**PROBLEM DESCRIPTION**: Pictures in the data should be dropped; transcribe exactly the lines from the one that has "Square book mockup" through the one that has "(1) | 粘着テープの裏面を剥がして、バックルを固定するだけの簡単さ |".

**SUPPLIED MATERIAL**:
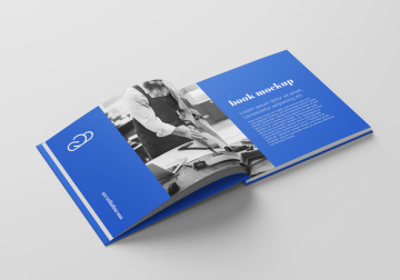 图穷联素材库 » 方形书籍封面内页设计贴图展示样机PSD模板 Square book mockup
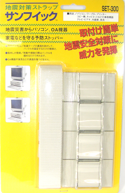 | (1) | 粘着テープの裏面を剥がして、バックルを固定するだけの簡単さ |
==
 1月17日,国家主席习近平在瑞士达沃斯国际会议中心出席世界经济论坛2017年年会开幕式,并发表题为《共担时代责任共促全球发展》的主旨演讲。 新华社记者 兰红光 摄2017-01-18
--
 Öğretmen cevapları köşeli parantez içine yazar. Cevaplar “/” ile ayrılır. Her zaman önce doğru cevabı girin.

**EXERCISE OUTPUT**:
 图穷联素材库 » 方形书籍封面内页设计贴图展示样机PSD模板 Square book mockup
 | (1) | 粘着テープの裏面を剥がして、バックルを固定するだけの簡単さ |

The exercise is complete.